For the Chesapeake Bay Foundation, the Obama's administration's rejection of its records request has been "a major disappointment," said the group's top lawyer, Jon Mueller.
A former federal prosecutor who also handled records requests in his Justice Department job, Mueller said he was surprised when the Army Corps of Engineers said it couldn't share photographs that a developer provided of his building amid the wetlands of a Magothy River island. Responding to the group's lawsuit, the government has continued to say, as it did under Bush, that the information was part of a Corps investigation.
Last month, a federal judge ruled against the Corps, saying it had not justified its reasons for withholding the information and ordering it to do so.
The Justice Department, the only agency that has reported its recent performance on transparency, said that between 2008 and 2009, it increased the number of cases in which it grants full release of records by 5 percent. And a coalition of reform groups gave Obama an "A" this month for his open-government initiatives.
Meredith Fuchs, an open-records expert and general counsel at the nonprofit National Security Archive, said she has seen improvement in the amount of material some agencies provide. But in cases her group has taken to court, "it's more of a mixed bag" with the Obama administration. She suspects that the administration reflexively defends decisions made years earlier to withhold records.
"It's hard to shift the battleship," Fuchs said.
Some little-known requesters complain that they are getting the same runaround from the same officials who turned them down under Bush. Jim Lesar, a veteran public records lawyer, said big-name cases -- such as Citizens for Responsibility and Ethics in Washington seeking White House visitor logs -- get attention from the Obama administration but others do not.
"Except in those high-level cases, the Obama memorandum is close to meaningless," he said.
One frustrated requester is Denise Gilman, a University of Texas Law School professor who studies immigration issues. In 2007, Gilman asked the Department of Homeland Security and the Army Corps of Engineers how they decided where to build a multibillion-dollar border security wall. Gilman hoped to learn whether political concerns shaped the location.
Army Corps officials urged Gilman in 2008 to seek less information, because her request was likely to cost her $54,545.55 in copying fees. Last spring, the agencies told her that releasing the information could invade landowners' privacy. More recently, the Corps said it didn't have many pertinent documents after all. Homeland Security is sending her a large volume of records, although many are redacted.
"Don't get me wrong -- I'm glad to be getting some records," Gilman said. "But the delay has been very frustrating.

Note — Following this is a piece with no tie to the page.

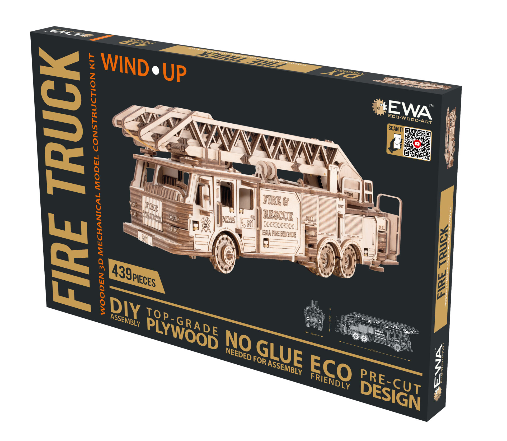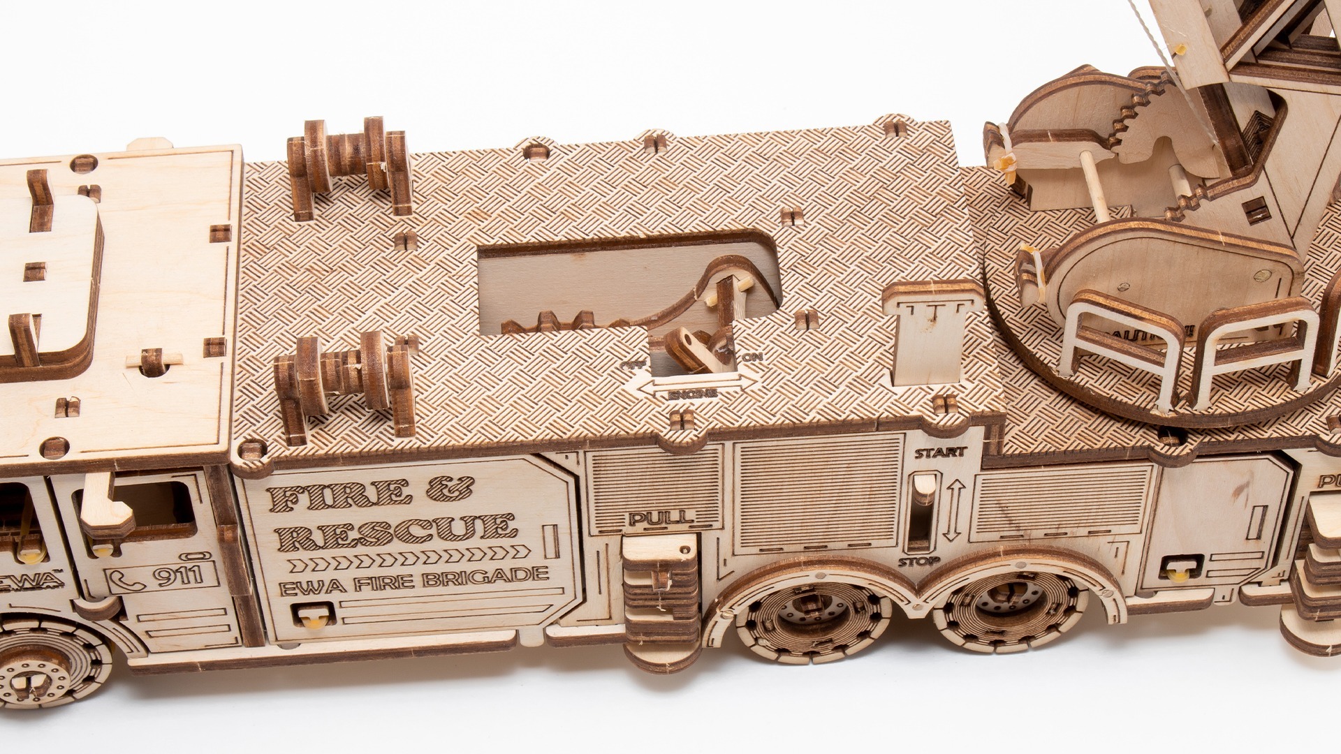 Механический 3D-пазл «Пожарная Машина» для самостоятельной сборки. Модель с заводным механизмом на резинке с ключом, выдвижной и вращающейся пожарной лестницей, вращающимися передними колесами и открывающимися передними дверями, а также выдвижными стопорами для грузовиков. Очень подробная и реалистичная модель настоящей пожарной машины, используемой в реальной жизни для борьбы с огнем и для спасения жизней!

This Obama administration was working on decisions related to the wall in the spring. . . . Now the wall is pretty much built, so it's actually too late to use this information to shape those decisions."
Roger Charles, a former Marine and troop advocate who helps publish the watchdog newsletter DefenseWatch, wanted to study autopsies and reports surrounding the deaths of soldiers who were hit in the torso by bullets or explosives; he was looking for clues about body-armor defects. Gen. George Casey, the Army's chief of staff, argued that releasing wound details could give U.S. enemies information.
"It's insulting to me that they would say we would increase the risk for any of these great kids," Charles said. "We are trying to learn what we can to protect them."
Mueller, of the Chesapeake group, said he has some sympathy for the president's team.
"Turning over a new leaf is more difficult than they had expected," he said.